- Data for analysis
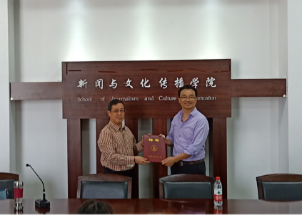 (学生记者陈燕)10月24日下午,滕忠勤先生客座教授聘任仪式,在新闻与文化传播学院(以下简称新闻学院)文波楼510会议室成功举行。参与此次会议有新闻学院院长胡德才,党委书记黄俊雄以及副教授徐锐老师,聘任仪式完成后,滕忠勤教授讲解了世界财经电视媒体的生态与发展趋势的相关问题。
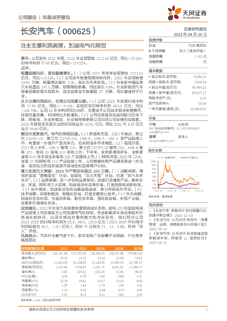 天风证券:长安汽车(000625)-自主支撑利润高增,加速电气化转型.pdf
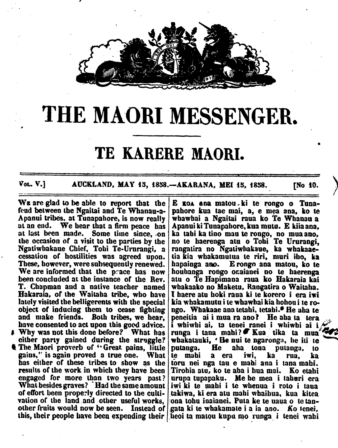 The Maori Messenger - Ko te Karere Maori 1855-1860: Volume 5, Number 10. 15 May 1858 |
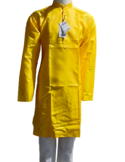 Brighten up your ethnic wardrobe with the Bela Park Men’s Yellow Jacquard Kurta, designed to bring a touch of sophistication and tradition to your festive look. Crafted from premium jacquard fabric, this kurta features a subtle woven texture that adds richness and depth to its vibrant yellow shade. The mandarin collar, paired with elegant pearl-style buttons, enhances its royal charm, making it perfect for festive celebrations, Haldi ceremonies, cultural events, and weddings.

--

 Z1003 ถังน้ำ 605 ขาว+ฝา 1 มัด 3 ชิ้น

--

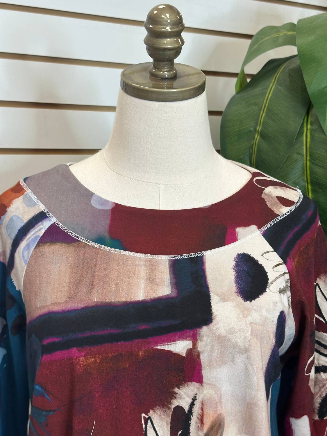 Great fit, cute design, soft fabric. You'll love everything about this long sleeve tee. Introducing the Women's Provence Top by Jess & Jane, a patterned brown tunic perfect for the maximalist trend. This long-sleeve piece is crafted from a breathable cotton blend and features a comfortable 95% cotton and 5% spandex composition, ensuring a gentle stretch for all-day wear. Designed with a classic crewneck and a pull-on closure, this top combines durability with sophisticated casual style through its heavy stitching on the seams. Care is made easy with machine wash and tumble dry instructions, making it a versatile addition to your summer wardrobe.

- Problem details
From the records above, copy exactly the lines starting at the one with "(学生记者陈燕)10月24日" and ending at the one with "The Maori Messenger", and no others. Pictures stay out.

- Result for this exercise
 (学生记者陈燕)10月24日下午,滕忠勤先生客座教授聘任仪式,在新闻与文化传播学院(以下简称新闻学院)文波楼510会议室成功举行。参与此次会议有新闻学院院长胡德才,党委书记黄俊雄以及副教授徐锐老师,聘任仪式完成后,滕忠勤教授讲解了世界财经电视媒体的生态与发展趋势的相关问题。
 天风证券:长安汽车(000625)-自主支撑利润高增,加速电气化转型.pdf
 The Maori Messenger - Ko te Karere Maori 1855-1860: Volume 5, Number 10. 15 May 1858 |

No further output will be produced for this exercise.